A ocupação da reitoria estendeu-se até esta sexta-feira (28/3), quando a administração comprometeu-se a atender parte das exigências colocadas pelo movimento como, por exemplo, a discussão sobre o plano de segurança da universidade.
Os abusos em nome do Direito
Tal qual o enredo da peça de Shakespeare, o episódio ocorrido na UFSC também revela uma sucessão de equívocos, de todas as partes. Eis a tragédia dos erros. Desde os estudantes, passando pelos professores que intervieram, até o delegado e seus subordinados. Com razão até o momento, apenas o Diretório Central dos Estudantes da UFSC, que reconheceu publicamente os excessos praticados por todos os envolvidos e os abusos em nome do Direito.
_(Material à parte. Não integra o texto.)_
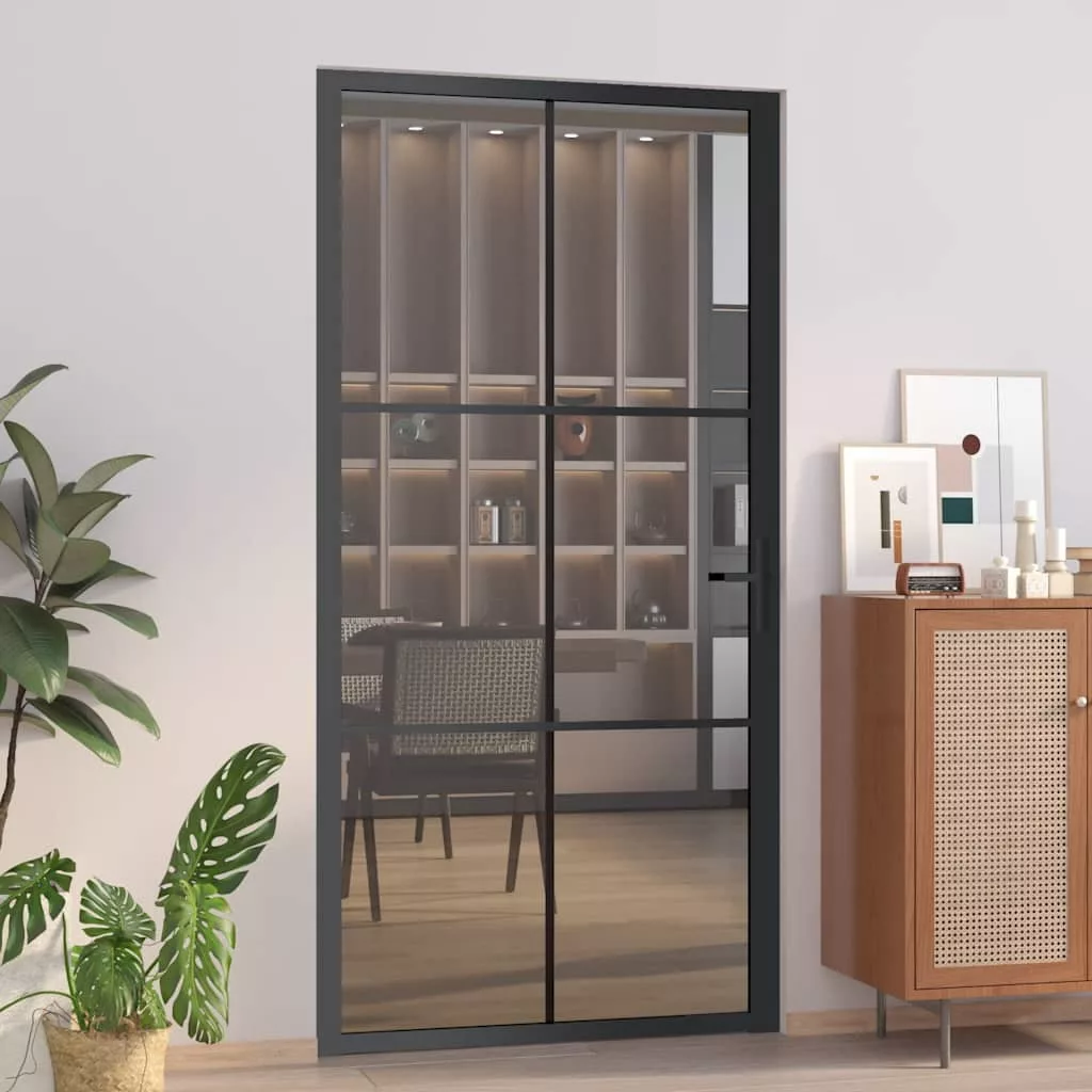 Teremtsen elegáns átmenetet két helyiség között ezzel a beltéri ajtóval! Erős anyag: Intelligens szerkezetének köszönhetően az edzett üveg erősebb és tartósabb, mint bármely más üveg. Az edzett üveg ellenáll a nagy ütéseknek, karcolásoknak stb.Stabil váz: Az alumínium váz erős szerkezetet és stabilitást biztosít.Elengedő magánszféra: Az ajtópanel sötét üvegből készült, amely nagymértékű magánszférát nyújt otthonában és irodájában.Modern dizájn: A függőleges díszítővonalas nyomattal ellátott üvegajtó modern stílust kölcsönöz lakberendezésének. A modern kialakítás letisztult vonalakkal, minimalista megjelenéssel és természetes fénnyel járul hozzá környezetéhez. Megjegyzés:Ez a beltéri ajtó 35-50 mm-es ajtókeretbe szerelhető.Az egyszerű összeszerelés érdekében minden termékhez mellékelünk összeszerelési útmutatót.

A Polícia Federal é um órgão permanente dotado de atribuição constitucional. Sua atuação deve se voltar para a criminalidade que coloca em xeque os objetivos da República. Por isto, não deve ela voltar suas baterias para a repressão ao mero uso de drogas. Se a situação era, de fato, combater o tráfico no interior de uma universidade federal, sua ação mostrou-se desastrosa. Do outro lado, estudantes resolveram impedir a atuação dos agentes federais. Professores entraram na onda e resistiram. Deram mau exemplo. Prisão ilegal se relaxa. E a autoridade para isto é judicial! Desconhecimento geral. Assessores desinformados. Perda do controle da situação. O delegado chamou quem? O choque. No que deu? Choque! O pau comeu. Violência gratuita para todo lado. A reitoria, por sua vez, pulou do barco, alegando não ter sido comunicada da operação, sob o álibi furado da “autonomia universitária”. Ocorre que, desde o final de 2013, quando requereu a presença da polícia no campus, todos sabiam da investigação praticada por agentes federais, que eram, inclusive, acompanhados pelo departamento de segurança da universidade. Os estudantes aproveitaram a carona para reivindicar a legalização das festas. Quanto aos danos físicos, morais e patrimoniais, todos serão absorvidos pela Fifa. Isto quer dizer, quem pagará esta conta será o povo. Irresponsabilidade geral e irrestrita. Enquanto o mundo pega fogo lá fora — e, por aqui, o país se prepara para a Copa —, as cinzas de maconha no bosque da UFSC não deveriam ser “o” problema.